Data shown START
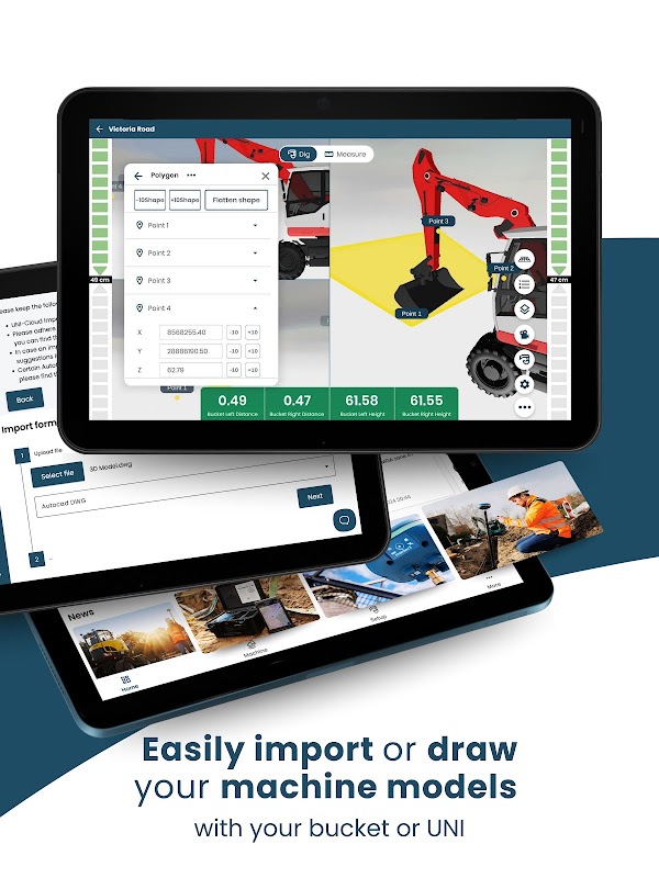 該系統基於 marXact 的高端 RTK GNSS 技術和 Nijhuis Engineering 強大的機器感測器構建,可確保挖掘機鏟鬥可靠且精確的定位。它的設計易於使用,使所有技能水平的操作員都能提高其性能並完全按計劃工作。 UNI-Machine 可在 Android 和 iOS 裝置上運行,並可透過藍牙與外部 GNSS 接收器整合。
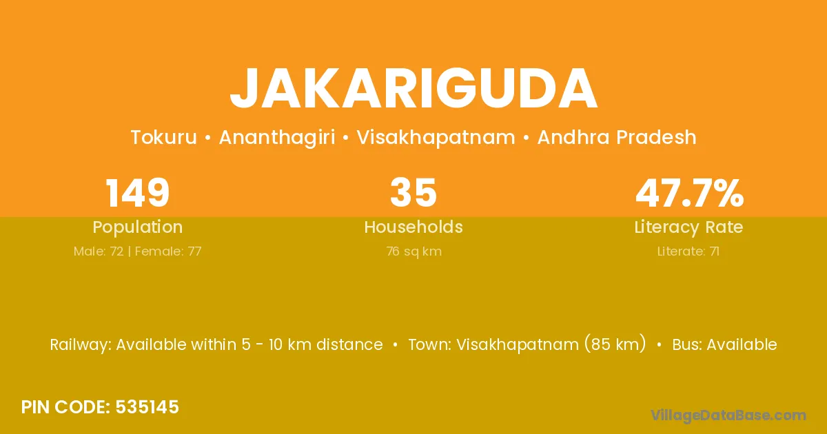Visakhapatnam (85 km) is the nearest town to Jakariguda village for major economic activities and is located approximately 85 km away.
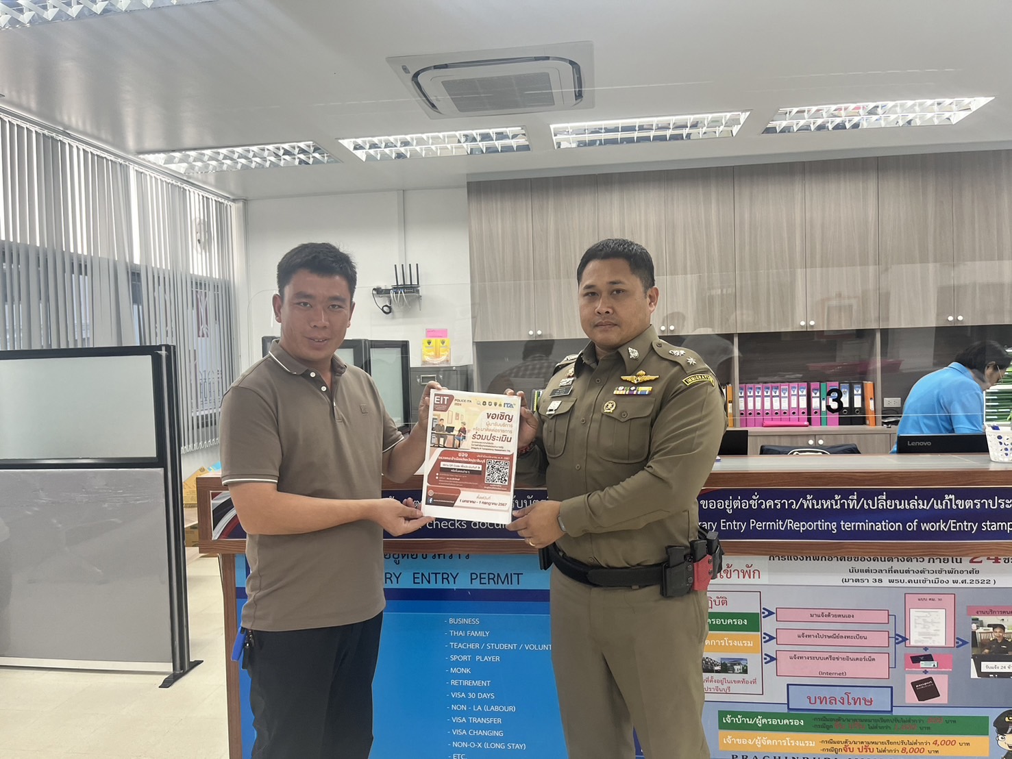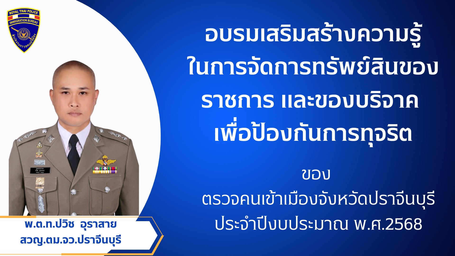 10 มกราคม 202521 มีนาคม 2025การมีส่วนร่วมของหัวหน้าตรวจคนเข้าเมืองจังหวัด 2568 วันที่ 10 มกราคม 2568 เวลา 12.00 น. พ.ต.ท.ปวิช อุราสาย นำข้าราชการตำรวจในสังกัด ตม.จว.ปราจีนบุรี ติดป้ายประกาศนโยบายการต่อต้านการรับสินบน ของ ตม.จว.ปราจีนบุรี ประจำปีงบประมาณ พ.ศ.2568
Data shown END
How to complete this task: Restate word for word the lines from the one with "Visakhapatnam (85 km)" to the end of the material, both included. Do not include the pictures.

Answer section:
Visakhapatnam (85 km) is the nearest town to Jakariguda village for major economic activities and is located approximately 85 km away.
 10 มกราคม 202521 มีนาคม 2025การมีส่วนร่วมของหัวหน้าตรวจคนเข้าเมืองจังหวัด 2568 วันที่ 10 มกราคม 2568 เวลา 12.00 น. พ.ต.ท.ปวิช อุราสาย นำข้าราชการตำรวจในสังกัด ตม.จว.ปราจีนบุรี ติดป้ายประกาศนโยบายการต่อต้านการรับสินบน ของ ตม.จว.ปราจีนบุรี ประจำปีงบประมาณ พ.ศ.2568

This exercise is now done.